You know when it makes sense for everyone to compete and not give a rat's ass about anyone else? Say you're running a 100-yard dash. Or playing a video game contest. Those are true competitions, may the best man wins. But when you're sick, your family, a neighbor, a fellow citizen, that is precisely the time when it is NOT okay and NOT humane or civilized to think like that.

I don't give a rat ass about capitalism, socialism, or any political ideology, just that the healthcare system works esave as many lives as possible and preferably without charging an arm and a leg for said medical care.

So either show why I am wrong or don't comment at all.

In the words of Pauli, you aren't even wrong. If you work hard, you could get to the point of being wrong. But first you'd have to understand enough about health care economics to know what the actual problems are, and enough about health care consumption and delivery to frame a reasonable proposal.

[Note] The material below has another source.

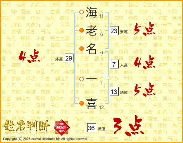 海老名一喜さんの総運は36画の3点!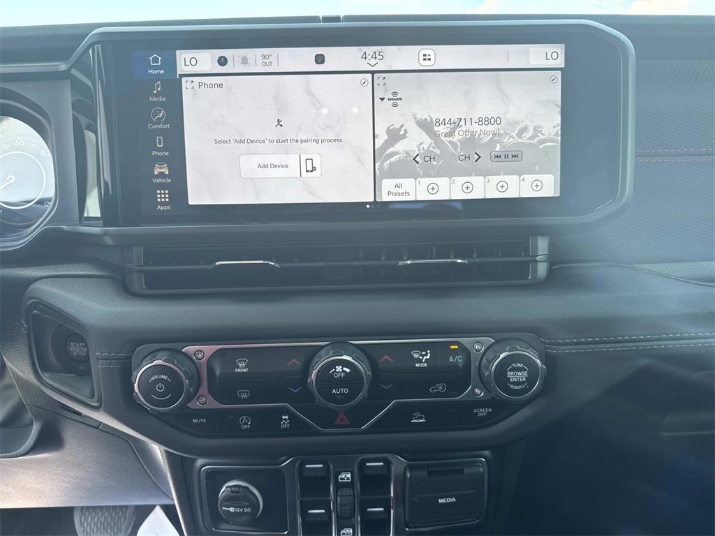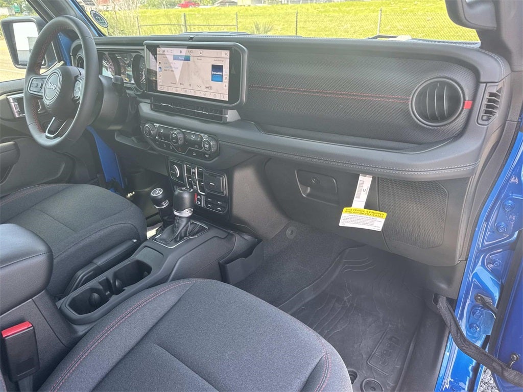 12.3' Touchscreen Display 4-Wheel Disc Brakes 4.10 Rear Axle Ratio 4G LTE Wi-Fi Hot Spot 97 MPH Vehicle Max Speed Calibration ABS brakes Air Conditioning Alexa Built-In Alloy wheels Alpine Premium Audio System Apple CarPlay Auto High Beam Headlamp Control Auto-Dimming Rear-View Mirror Automatic temperature control Black 3-Piece Hard Top Blind Spot & Cross Path Detection Bluetooth® Wireless Speaker Brake assist Cloth Low-Back Bucket Seats Connected Travel & Traffic Services Connectivity - US/Canada Delay-off headlights Driver door bin Driver vanity mirror Dual front impact airbags Dual front side impact airbags Electronic Stability Control Emergency communication system: Jeep Connect For Details Visit DriveUconnect.com Freedom Panel Storage Bag Front anti-roll bar Front Bucket Seats Front Center Armrest w/Storage Front dual zone A/C Front fog lights Front reading lights Fully automatic headlights Google Android Auto GPS Antenna Input GPS Navigation HD Radio Heated door mirrors Integrated Off-Road Camera Integrated roll-over protection Integrated Voice Command w/Bluetooth® Low tire pressure warning MOPAR Spray In Bedliner Occupant sensing airbag Overhead airbag Panic alarm ParkSense Rear Park Assist System Passenger door bin Performance Suspension Power door mirrors Power steering Power windows Quick Order Package 24R Rubicon Radi

Nobody's going to take the time to educate you on all that just to drag you up to the level so that you can understand why your proposal, once you got around to making it, would be wrong. That's your job.

Have you had a major illness requiring serious care? Apparently not. But you still answered the question. You know why that's relevant? Because you quite literally have no idea what you're talking about. Because you didn't and can't talk about how you would have fit comparison shopping in the busy schedule that goes with not dying.

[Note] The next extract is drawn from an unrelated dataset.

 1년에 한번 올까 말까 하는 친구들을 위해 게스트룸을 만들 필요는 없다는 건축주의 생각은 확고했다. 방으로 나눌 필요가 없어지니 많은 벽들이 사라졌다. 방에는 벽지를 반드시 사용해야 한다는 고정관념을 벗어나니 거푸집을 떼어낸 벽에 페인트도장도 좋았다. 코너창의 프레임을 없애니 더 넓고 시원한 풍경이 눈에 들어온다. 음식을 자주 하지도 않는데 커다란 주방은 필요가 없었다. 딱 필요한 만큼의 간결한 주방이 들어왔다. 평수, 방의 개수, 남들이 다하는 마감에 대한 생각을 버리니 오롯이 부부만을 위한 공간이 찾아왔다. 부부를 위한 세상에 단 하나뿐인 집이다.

Emergency care is serious care. I was rushed to the hospital. Is that's not "serious care"?

The notion that somebody is going to say, "Hey, I'm going to see if I can get a discount on dealing with my impending kidney failure" is so far from the reality of what's reasonable in a hospital setting that I don't know where to begin. Other than saying that I should have learned by now not to try to have rational conversations with fundamentalists, be they biblical, Freudian, Marxist, or free-market fundamentalists

Never mind. I guess you're right. In some circumstance, when you're healthy, you could comparison shop. When you're very ill, you can't comparison shop as well, due to mental state of mind. Still, I think my economic reasoning is not entirely without merit.

<strike>You obviously felt that your anecdote have more weight than my economic reasoning. Just because you don't comparison shop in your situation doesn't mean other people won't. Ever heard of medical tourism?</strike>

In some circumstance, when you're healthy, you could comparison shop.

Except: you can't. Try to find out how much a major medical procedure will cost you -- if you can find anyone who gives you any numbers at all, you'll be lucky if that's what you actually get charged. (And then try to find out how much your insurance, if you have any, will pay for! And then try to complain when the final bill is different!)